We need to specify a bit more here - we'll specify that the infalling observer is falling from at rest from infinity If you are worried about the length of time it takes to fall from at rest at infinity, you can say instead that the infalling observer has just enough velocity to reach infinity if you run time backwards.

When you factor gravity and the motion of the infalling observer both together (and you can't separate them in any coordinate independent way), you find that with the specified initial conditions (of a fall from infinity) that the infalling observer receives at the event horizon a signal that's RED-shfited by a finite amount (2:1). There's an entry in my blog that goes into some detailed, but messy, calculations for the general case, the case of "at rest from infinity" is particularly simple, and if you search you can see that there's general agreement from various PF posters who have worked this problem by various means in various coordinate systems.
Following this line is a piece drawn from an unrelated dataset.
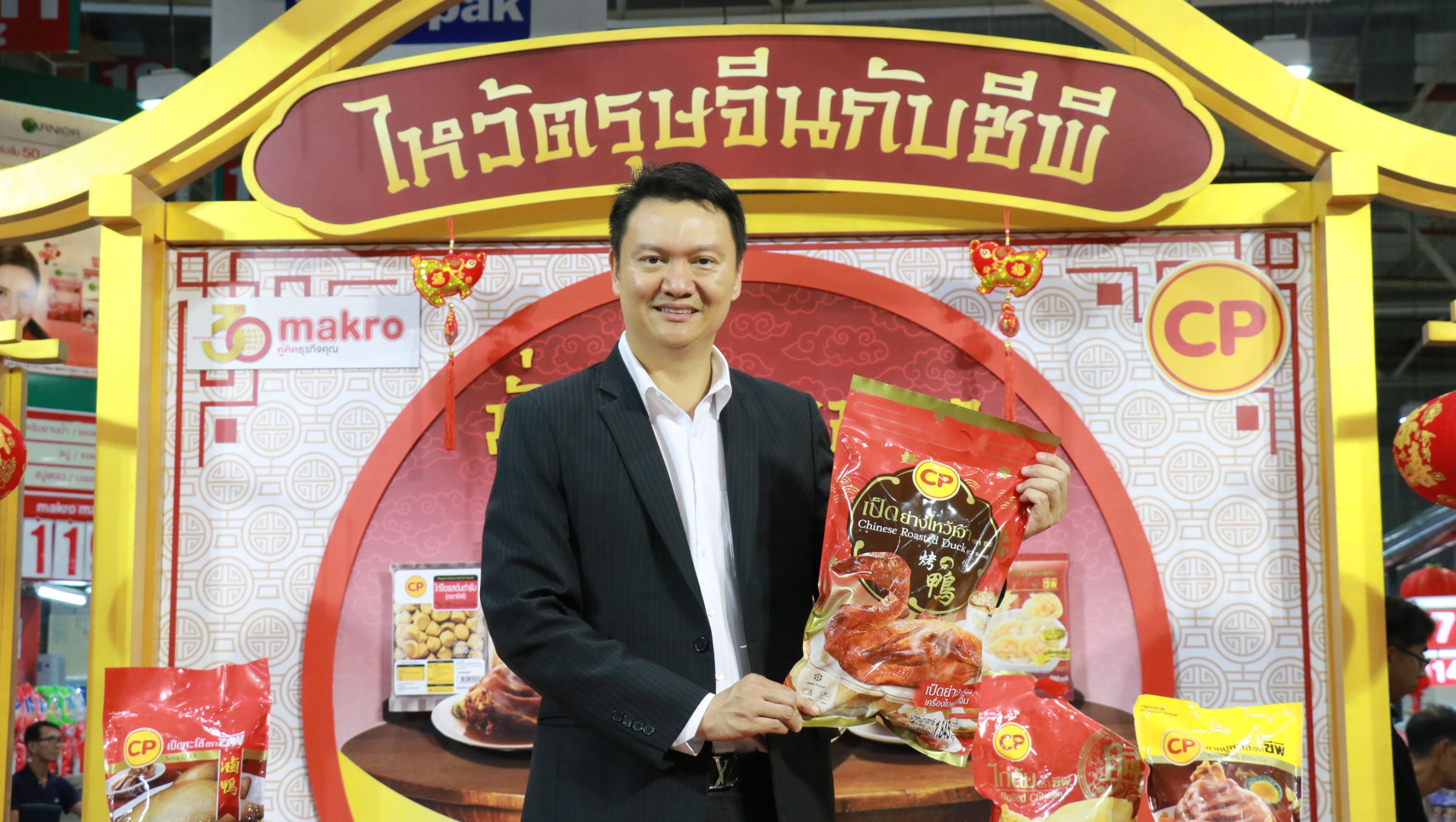 ต้อนรับเทศกาลตรุษจีนปีหมูทอง กับแคมเปญเทศกาลตรุษจีน ของบริษัทเจริญโภคภัณฑ์อาหาร จำกัด (มหาชน) หรือซีพีเอฟ ตอกย้ำภาพลักษณ์ “เจ้าแห่งเทศกาล” เพราะเป็นปีหมูทองจึงพลาดไม่ได้กับการเตรียมของไหว้ “ชุดซาแซขาหมูจักรรพรรดิ” ขาหมูพะโล้ที่มาแบบเต็มชิ้น เนื้อแน่นๆ หนังนุ่ม ถึงรสเครื่องพะโล้ เพื่อความมั่งคั่ง รวมถึง “เปิดนางฟ้า” เป็ดพะโล้ ขนาดตัวกำลังพอดี ปีกสวยงามดั่งนางฟ้า เพื่อความสมบูรณ์ เงินทองไหลมาเทมา และ “ไก่นางพญา” ไก่ต้มทั้งตัว รูปร่างสวย เนื้อแน่น เพื่อความก้าวหน้า ในหน้าที่การงาน หาซื้อได้ง่ายๆ ตั้งแต่วันนี้เป็นต้นไป ณ ห้างแม็คโคร และเทสโก้โลตัส ทุกสาขา

The problem with the idea that "time stops" is that one gets the incorrect notion that the infalling observer "sees" infinite blueshift from the outside observer. This never happens, though by starting from at rest sufficiently close to the black hole (rather than at rest at infinity) you can get a finite blueshift.

What really tends to drive the point about event horizons home though is to consider a totally different scneario, the case of the Rindler observer, with a constant acceleration.

This has been posted about before, I don't have any specific references to post at this time, but you can find them if you dig.

It turns out that the Rindler observer sees an event horizon that acts like the event horizon of a very massive black hole (one without any appreciable curvature at the horizon). In this case the interpretation becomes a bit more clear, because if the Rindler observer was watching the Earth fall through his "Rindler Horizon", it's obviously silly to say that time "stops" on Earth while it falls through the horizon.

12. Feb 2, 2014

### dyb

Thanks everyone I now have a better understanding of relativity on the event horizon!